Dowli A, Mattar A, Mashimo H, Huang Q, Cohen D, Fisichella P M, Lebenthal A

机构信息

Division of Thoracic Surgery, Brigham and Women's Hospital, Boston VA Health Care System, Harvard Medical School, Boston, MA, USA.

出版信息

J Gastrointest Surg. 2014 Dec;18(12):2208-13. doi: 10.1007/s11605-014-2628-8. Epub 2014 Sep 5.

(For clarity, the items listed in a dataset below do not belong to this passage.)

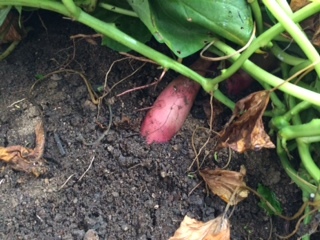 つる返しとは、土に触れているつるの途中部分から根が土中に伸び、放置しているとそこからイモが出来はじめます。そうなると養分が何カ所かに分散し、良いさつまいもができません。そこでつる返しという作業をします。2枚目の写真がつるの途中でできてしまったさつまいもです。これを阻止します。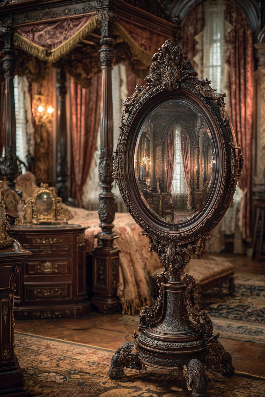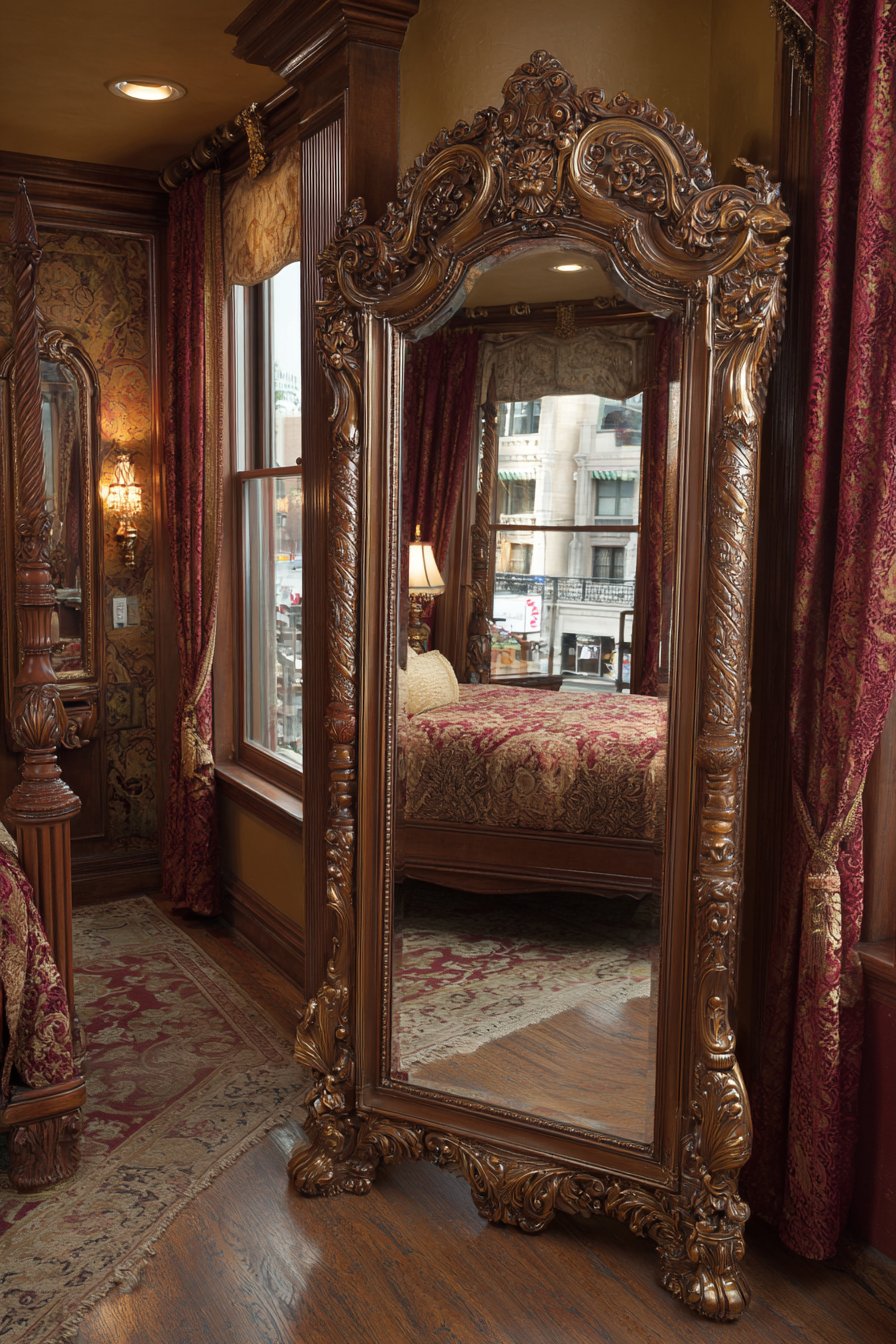 The ornate gold leaf frame catches and reflects light throughout the day, creating subtle shimmer that adds depth and dimension to the space. As the mirror reflects elegant bedroom furnishings—a sumptuous velvet headboard, gleaming brass table lamps, and carefully curated accessories—it essentially doubles the visual impact of these luxury elements, making the entire room feel more opulent and layered.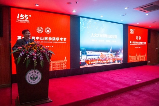 2021年12月8日晚上,第十三届Williamhill中文学术节“名师·名医·名人”大讲堂——校友专场在william威廉英国北校园科技楼博学厅召开。广东省医学会会长、原广东省政协副主席、william威廉英国博士生导师姚志彬教授为我院师生带来题为《人文之光照耀抗疫征程》的学术讲座,Williamhill中文院长、附属第一医院副院长匡铭教授、王淑珍副院长、郭开华院长助理、学院各教研室老师、医学专业学生等300余人共同聆听了精彩报告。报告会由Williamhill中文党委副书记陈琼珠主持。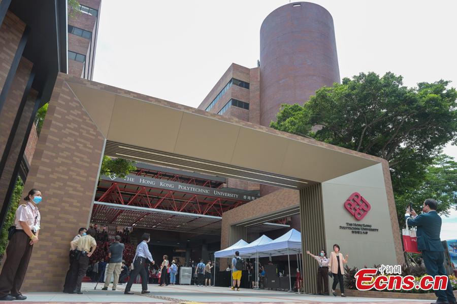 The Hong Kong Polytechnic University (PolyU) unveils its iconic main entrance near Core A on Cheong Wan Road, August 24, 2022. (Photo: China News Service)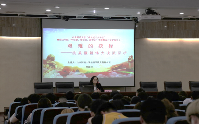 (通讯员:付雯 韩云昕)为深化学院党史学习教育,弘扬伟大的抗美援朝精神,5月14日下午,经济学院于圣井校区敏行楼举办学校成长成才大讲堂暨“学党史、强信念、跟党走”主题教育党史报告会。报告会由经济学院党委副书记李冰封主讲,院学工办主任裴斐、团委书记付雯、党委专职组织员王琦出席报告,经济学院2018级、2019级、2020级部分党员、入党积极分子和团员青年参加,报告会由裴斐主持。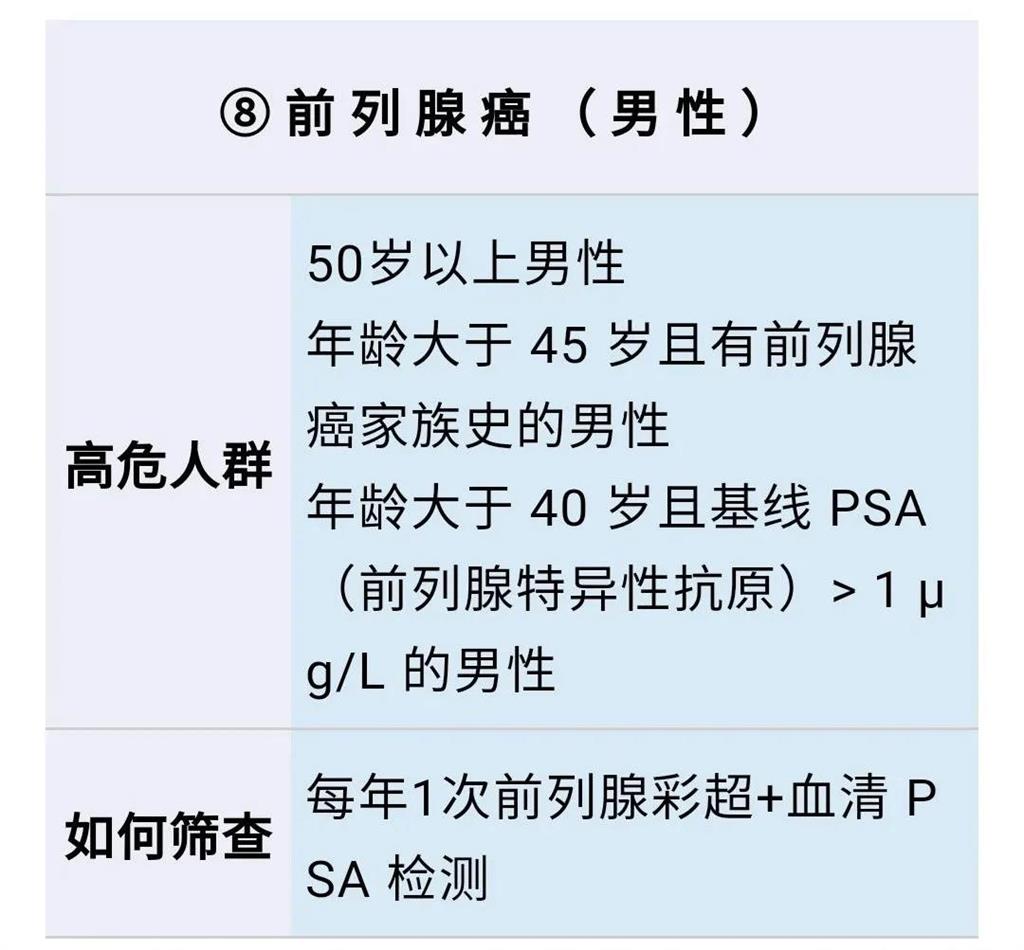 不過,癌癥大概有200多種,不可能做到每種都防。所以小編建議大家重點關(guān)注我國發(fā)病率最高的8種癌癥,即:肺癌、乳腺癌、結(jié)直腸癌、胃癌、肝癌、食管癌、宮頸癌、前列腺癌。(特別是前6種,占我國所有癌癥發(fā)病和死亡率的80%) 8大癌癥的高危人群和篩查方式,可以對照表格:

DOI:10.1007/s11605-014-2628-8
PMID:25190025
Abstract

INTRODUCTION

The majority of esophageal tumors arise from the mucosal layer; only 5 % are of mesenchymal origins. Of the latter, barely 0.5 % are liposarcomas. We present a case of an esophageal liposarcoma with a review of the literature.

CASE REPORT

A 64-year-old male was referred with 5 years of progressive dysphagia. Preoperative evaluation initially suggested a leiomyoma. The polypoid lesion was then resected through a cervical esophagotomy, once endoscopic resection proved to be not feasible. The definitive pathologic diagnosis confirmed a well-differentiated liposarcoma.

LITERATURE REVIEW

Esophageal liposarcomas are very rare and only 40 such cases have been reported in the literature. Most patients were male (80 %), the median age was 62 years (range 38-83 years), and the most common symptom was dysphagia (85 %). Only in two cases was a liposarcoma detected on preoperative biopsy. The most common histological subtype was well-differentiated liposarcoma. Overall, 77.5 % of the patients were successfully treated with surgery, 20 % endoscopically, and 2.5 % were ablated with CO2 laser.

CONCLUSION

Esophageal liposarcoma is an extremely rare tumor. The majority of patients are males; dysphagia is the most common initial symptom, and preoperative biopsy is unreliable. Because these tumors are pedunculated, well-circumscribed, and well-differentiated, they can be safely resected locally. All patients need long-term follow-up as this disease can recur many decades after treatment.

摘要

引言

大多数食管肿瘤起源于黏膜层;只有5%起源于间叶组织。在后者中,脂肪肉瘤仅占0.5%。我们报告一例食管脂肪肉瘤病例并复习相关文献。

病例报告

一名64岁男性因进行性吞咽困难5年前来就诊。术前评估最初提示为平滑肌瘤。在内镜切除不可行后,通过颈部食管切开术切除了息肉样病变。最终病理诊断证实为高分化脂肪肉瘤。

文献复习

食管脂肪肉瘤非常罕见,文献中仅报道了40例此类病例。大多数患者为男性(80%),中位年龄为62岁(范围38 - 83岁),最常见的症状是吞咽困难(85%)。术前活检仅在两例中检测到脂肪肉瘤。最常见的组织学亚型是高分化脂肪肉瘤。总体而言,77.5%的患者通过手术成功治疗,20%通过内镜治疗,2.5%用二氧化碳激光消融。

结论

食管脂肪肉瘤是一种极其罕见的肿瘤。大多数患者为男性;吞咽困难是最常见的首发症状,术前活检不可靠。由于这些肿瘤有蒂、边界清晰且分化良好,可以在局部安全切除。所有患者都需要长期随访,因为这种疾病在治疗后数十年可能复发。